Systemic 2 Cookbook: Parallel computation with R

This post is the first in the “Systemic Cookbook” series, which will show how to use Systemic 2 for scientific purposes (especially its more advanced features not readily accessible from its user interface). More comprehensive documentation for Systemic is forthcoming.

All posts in this series will be collected in the “Systemic 2” category.

Systemic 2 automatically parallelizes so-called “embarrassingly parallelizable” workloads that do not need shared data or synchronization. Such workloads include bootstrap resampling and periodograms (each resampled data set is analyzed independently), Markov Chain Monte Carlo (each chain runs in parallel, and only synchronizes at infrequent intervals), jackknife, and other algorithms. Some algorithms can even be launched on Xgrid-connected clusters (Why, Apple?!).

The majority of embarrassingly parallelizable workloads, however, will be better defined by the user. In the rest of this article, I will show how to easily parallelize dynamical integration over a grid using an R script. (The following problem could be just as easily set up using C, but I will be showing how to accomplish it in R since the code will be most transparent in a high-level language.)

Setting up dynamical integration over a grid

The (somewhat artificial) problem is as follows. Imagine that we would like to investigate the survival time of a two-planet system, as we increase the eccentricity of the outer planet. Intuitively, we expect the system to become unstable faster as the eccentricity increases.

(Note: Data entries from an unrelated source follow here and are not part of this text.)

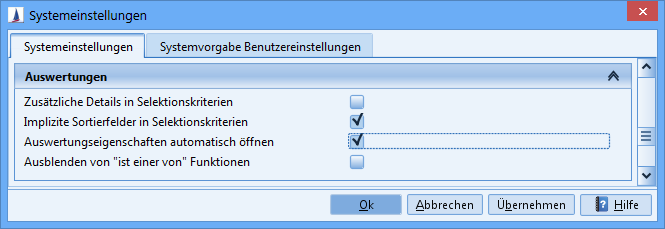 In the Report Properties, the user can influence the display in the report. They are automatically displayed at the Print button and can be viewed in the Reporting menu in the search mask.
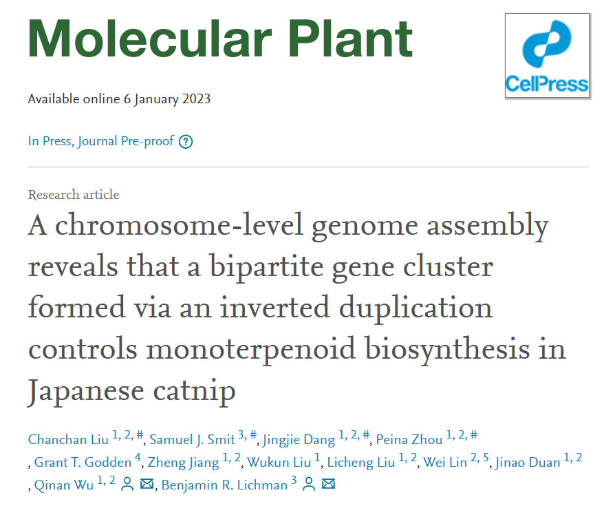 2023年1月6日,公司吴啟南教授团队和英国约克大学Benjamin R Lichman教授团队在Molecular Plant(中科院1区, IF:21.9)杂志合作在线发表了题为"A chromosome-level genome assembly reveals that a bipartite gene cluster formed via an inverted duplication controls monoterpenoid biosynthesis in Japanese catnip"的研究论文。公司吴啟南教授和英国约克大学Benjamin R Lichman教授为该论文的通讯作者,公司刘潺潺讲师、英国约克大学Samuel Smit、公司博士研究生党静洁和周佩娜为论文的共同第一作者。本研究首次报道了唇形科植物裂叶荆芥(药材名:荆芥;别名:日本猫薄荷)的高质量基因组,破解了(-)-胡薄荷酮生物合成路径中的关键酶基因,并发现了一个包含四步胡薄荷酮生物合成路径的基因簇。
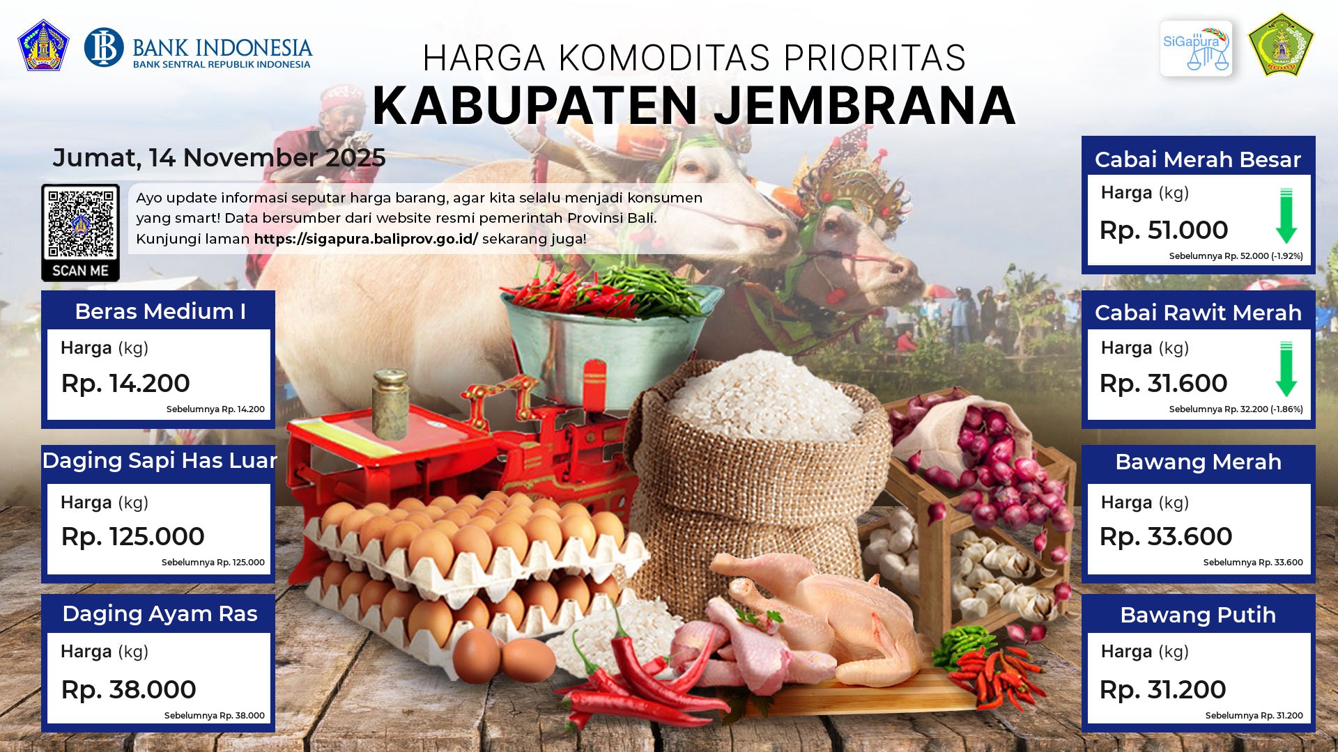 Berdasarkan pemantauan Harga Pangan Rata-Rata 7 (tujuh) Komoditas Prioritas di 60 Pasar seluruh Bali pada tanggal 14 November 2025, diperoleh informasi Beras Medium I ada diharga Rp. 14.554, mengalami penurunan sebesar 0.07%. Daging Sapi Has Luar tetap ada diharga Rp. 121.680. Daging Ayam Ras ada diharga Rp. 41.013, mengalami kenaikan sebesar 0.22%. Cabai Merah Besar ada diharga Rp. 51.409, mengalami penurunan sebesar 0.84%. Cabai Rawit Merah ada diharga Rp. 30.471, mengalami kenaikan sebesar 1.82%. Bawang Merah ada diharga Rp. 35.975, mengalami penurunan sebesar 0.79%. Bawang Putih ada diharga Rp. 32.414, mengalami kenaikan sebesar 0.37%.

Let’s first set up a sample system and integrate it forward in time with Systemic2.

To run this script, type

Rscript scriptname.r

from the shell (edit the script beforehand to point it to the correct path to Systemic).

This script sets up a two-planet system around a 0.95 solar mass star, integrate it forward 50,000 years using the SWIFT backend and plot it to a PDF file. The “k” object is called a kernel within Systemic; it contains all the data and functions associated with the planetary system (internally, it is a handle returned by the C library).integration_1e5 Next, we create a grid of eccentricity and longitude of periastron angles. The rationale here is to average the survival times for each eccentricity, over the longitude of pericenter in order to remove the dependency on the phase angle (again, this is an artificial exercise!).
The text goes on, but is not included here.